The government of Morocco owns many key media outlets, including several major Moroccan radio and television channels, and the Moroccan press agency, Maghreb Agence Press.[2] Moroccans have access to approximately 2,000 domestic and foreign publications.[2] Many of the major dailies and weeklies can now be accessed on their own websites. Morocco has 27 AM radio stations,[2] 25 FM radio stations,[2] 6 shortwave stations,[2] and 11 television stations including the channels of the public SNRT, the mixed-ownership (half public-half private) 2M TV which started out in 1989 as the first private terrestrial channel in Morocco.
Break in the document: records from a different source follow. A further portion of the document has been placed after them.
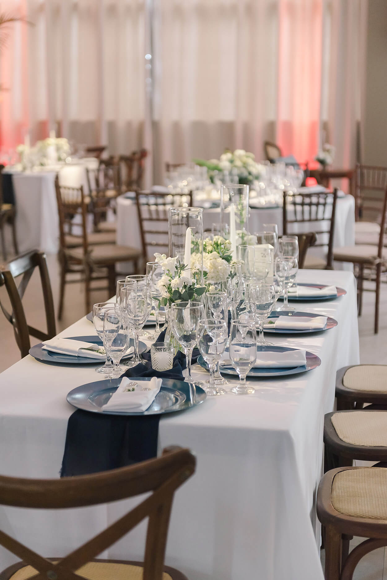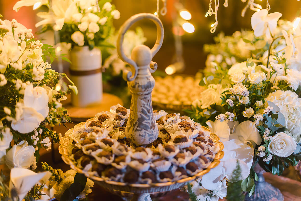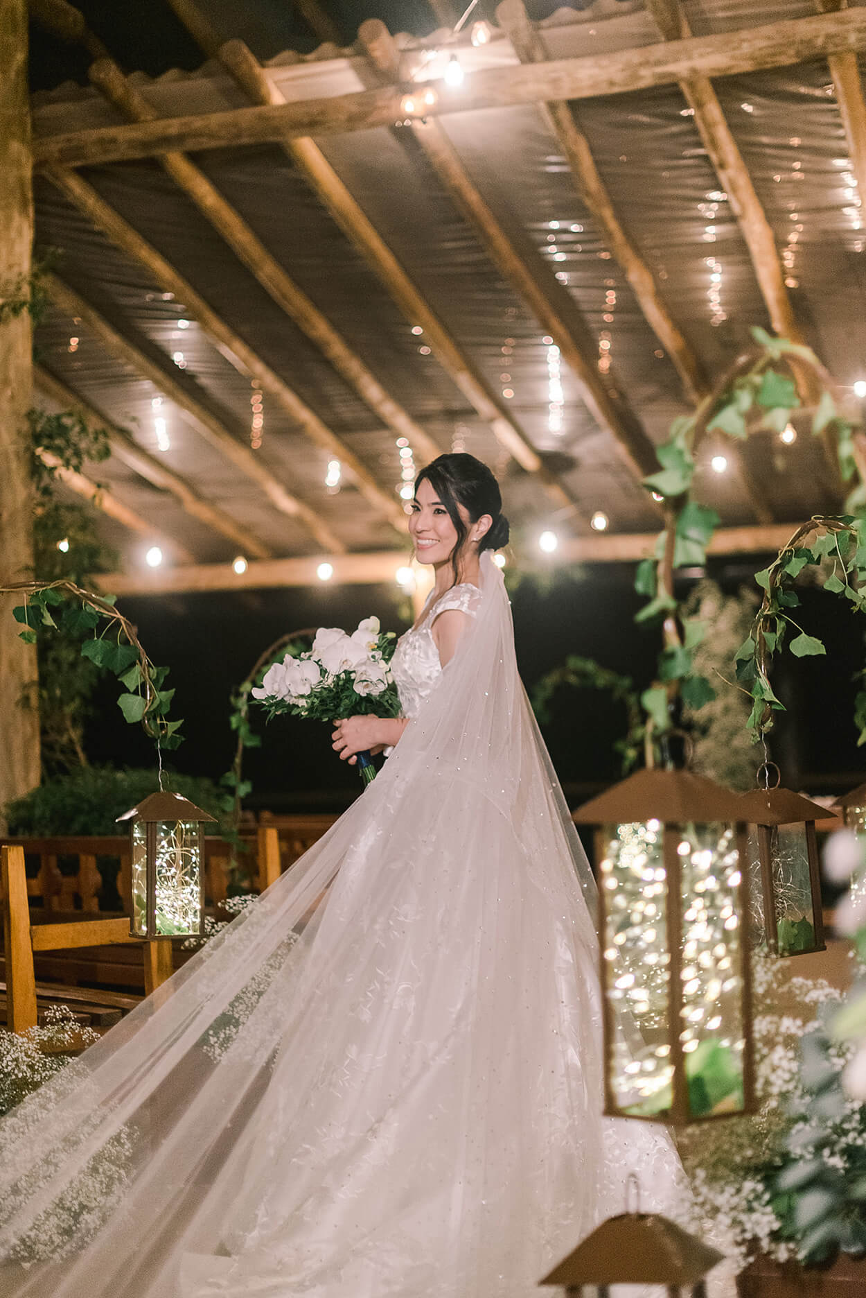 Não é a toa que a dupla é um clássico! Essa paleta de cores fica perfeita tanto em cerimônias em salões, quanto em espaços ao ar livre. E faz tempo que a flor mosquitinho voltou com tudo, sabia? Para finalizar com clima de conto de fadas, o caminho da noiva contou com lindas luminárias cheias de luzinhas no estilo fairy light.
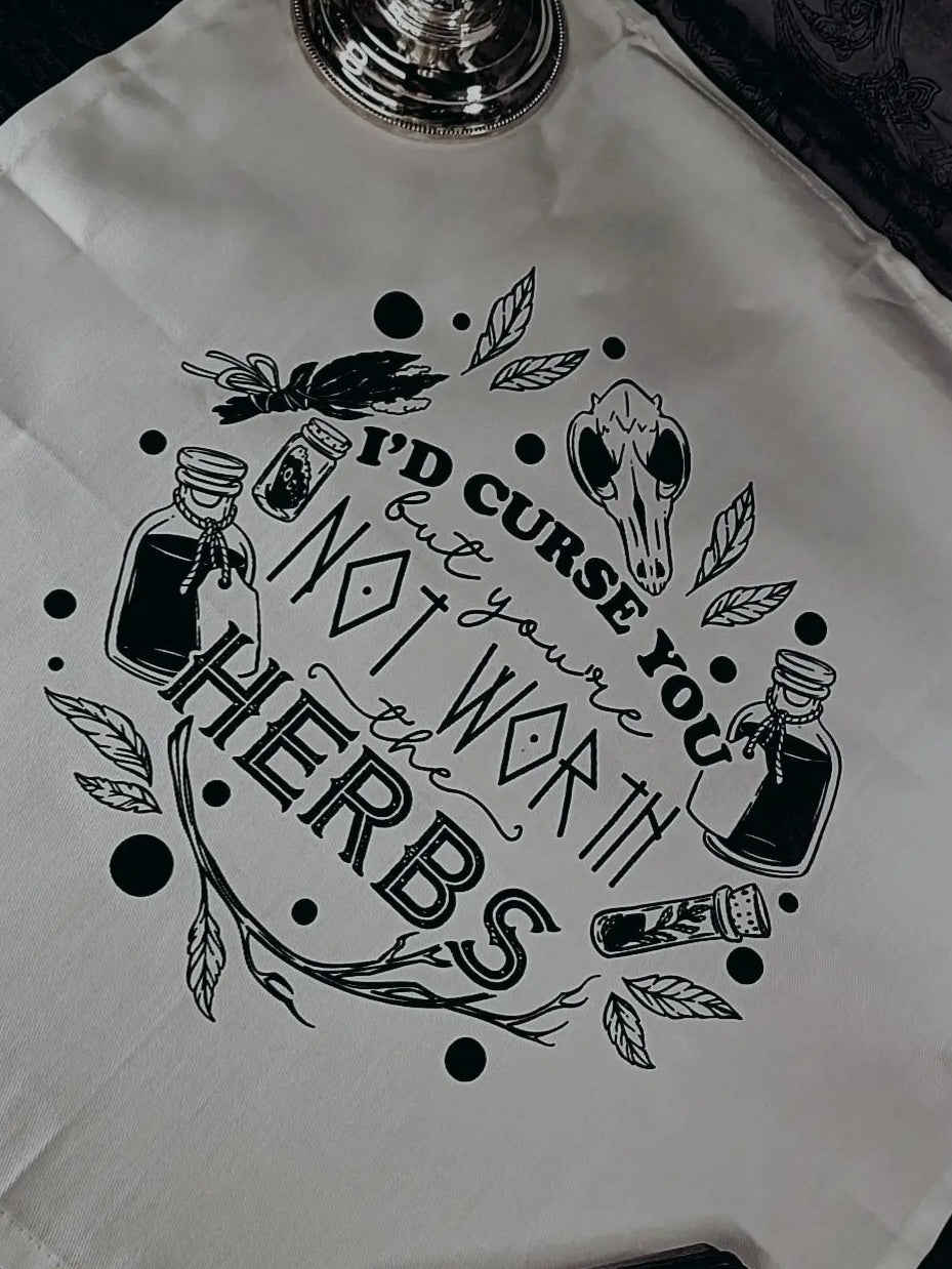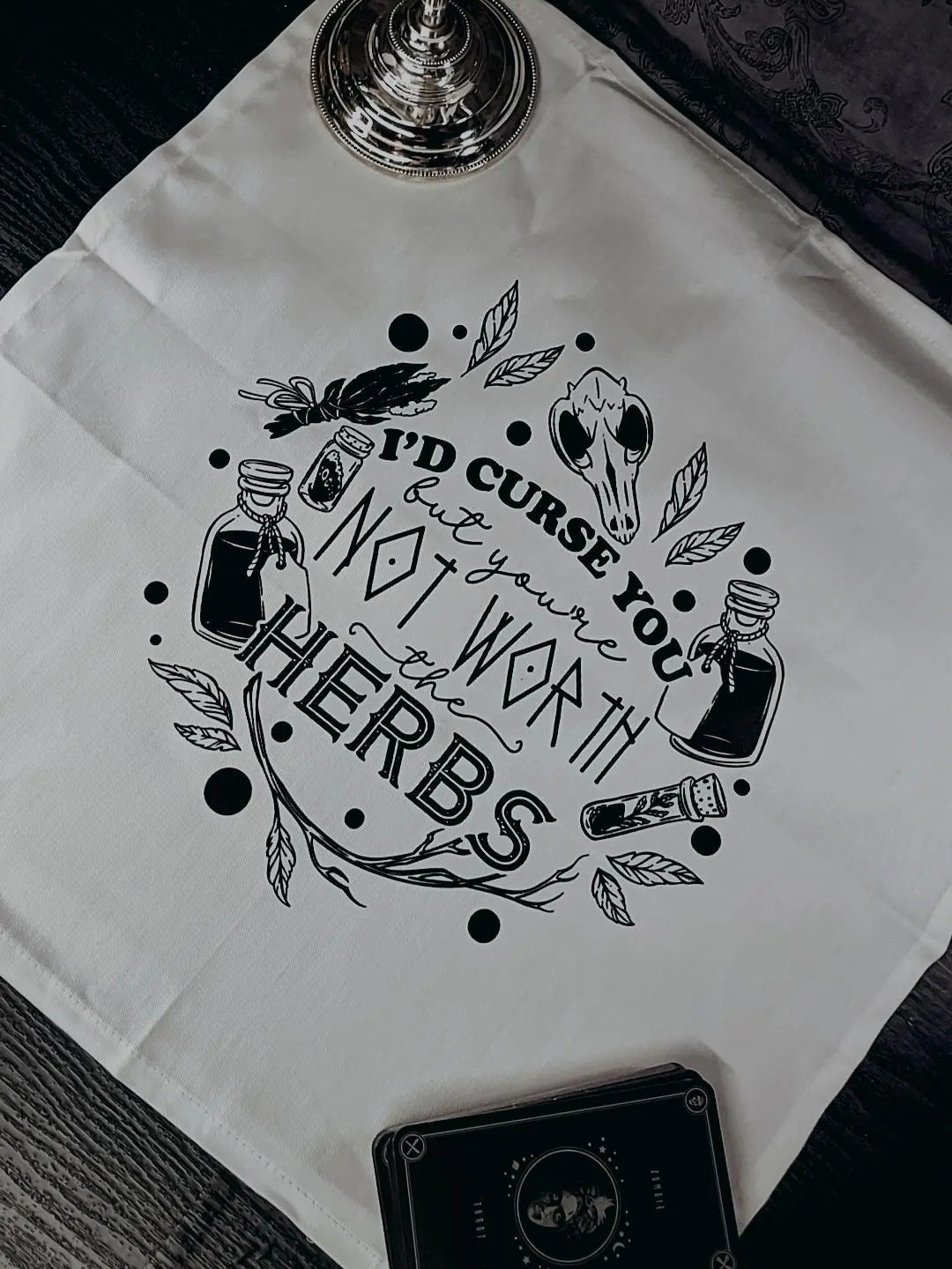 Create a unique look for your altar space with this 18x18 inch Cotton/Polyester blend cloth. Highly absorbent with a black print on a beige background, it provides the perfect way to decorate and personalize. Machine wash only; hang dry. Do not iron.
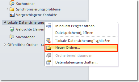 Dazu mit der rechten Maustaste im linken Strukturbaum von Outlook auf den Namen der Datendatei klicken und Neuer Ordner… wählen.
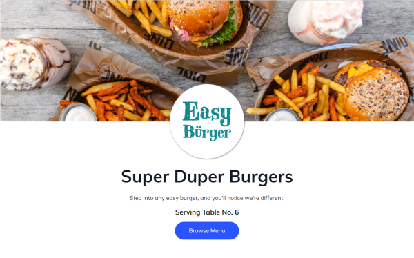 Since customers use the QR code to load the website, the current dining table number is displayed on the landing page with a link to the available menu, based on the current customer.

Later, it became a mixed ownership channel as 70% of its capital was bought by the government. and the privately owned Medi1 TV.[citation needed]



Early history


The first newspaper to appear in Morocco was an English weekly called "Maghreb Al Aksa" in 1877.[citation needed] Such publications were not generally available in Moroccan cities until 1908. There was one newspaper before: "El Eco de Tetuán 1860" in Spanish. It was founded by Pedro Antonio de Alarcón, Spanish writer and journalist.[citation needed]

In 1883, Abraham Lévy-Cohen, a Jew from Tangier, established Le Réveil du Maroc, a French-language newspaper for the dissemination of the French language, culture, and political ideas among the Jews of Morocco.[3]

In 1906, Sheikh Muhammad Bin Abdul-Kabir Al-Kattani started publishing a short-lived Arabic-language newspaper called al-Taʿun (الطاعون), meaning "the plague."[4] He used this newspaper to speak out in opposition to increasing Western influence – ostensibly the "plague" for which the newspaper was named – in Moroccan politics, economy, and society.[4]

Under the French protectorate from 1920, French titles such as "L’Echo du Maroc" and "la Vigie Marocaine" started to appear. They were followed by the launch of a press group called "Mas" which issued "Farmhouse" and the daily newspapers "Le petit marocain" and "L'Écho du Maroc", although these titles continued to cater mainly to foreigners.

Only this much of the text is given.